Оба, действительно, тотчас же удалились, причем Кубас на прощание отвесил множество поклонов обоим друзьям, а Эмануэла бросила на Эвариста чудесный, исполненный благодарности взгляд, на какой только были способны ее прелестные глаза.
Едва эта занимательная парочка скрылась в лесу, Эварист сказал:
– Вот видишь, Людвиг, как опрометчиво вывел ты свое заключение о старике. Правда, в нем очень заметен цыганский тип, но он сам сказал, что родился в Лорке; а Лорка, ты должен это знать, старый мавританский город, и жители его удивительно славные люди, хотя их происхождение заметно в них до сих пор. Они очень не любят, когда им напоминают об этом, и обыкновенно начинают в таких случаях уверять, что они старинные христиане. То же и с этим стариком, у которого мавританский тип выродился в очень карикатурную наружность.
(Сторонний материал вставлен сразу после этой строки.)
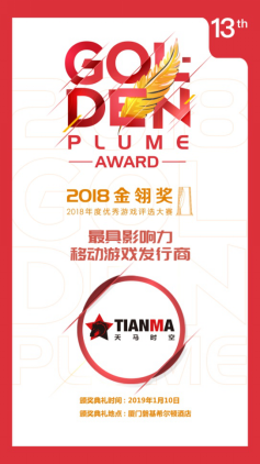 天马时空于2010年创立,并在2014年推出首款MMORPG手游《全民奇迹MU》,一举成为年度划时代现象级产品,天马时空也从而迅速跻身手游行业的领先者行列。2015年,天马时空加入九游娱乐集团,立足于国内市场的同时积极布局海外,秉持着精品化研发与专业化发行一体化理念,致力于为玩家持续贡献出好玩的高质量游戏。2018年1月由天马时空研发,腾讯独家代理运营的3DMMORPG魔幻大作《奇迹MU:觉醒》一经上线迅速进入iOS双榜前三,全球收入榜单前10。2018年2月,天马时空自主发行的首款游戏《大掌门2》亦取得傲人成绩。基于后续多款优秀产品研发与发行的战略布局,天马时空已然成为中国游戏业界内最具综合实力的研发与发行一线厂商之一。本次获奖,可谓是实至名归。

– Нет! – возразил Людвиг. – Я с этим не согласен и остаюсь при убеждении, что старик отъявленный бездельник, и потому употреблю все усилия, чтобы вырвать из его когтей мою прелестную Миньону!
– Если ты, – ответил Эварист, – считаешь бездельником старика, то я, знаешь ли, – наоборот, не очень доверяю твоей прелестной Миньоне!
– Что ты говоришь! – воскликнул Людвиг. – Не доверяешь этому небесному существу, у которого невинность сквозит в каждой черте лица! Вот в ком сидит холодный прозаик, не имеющий понятия ни о чем, кроме как о своих обыденных, ежедневных занятиях!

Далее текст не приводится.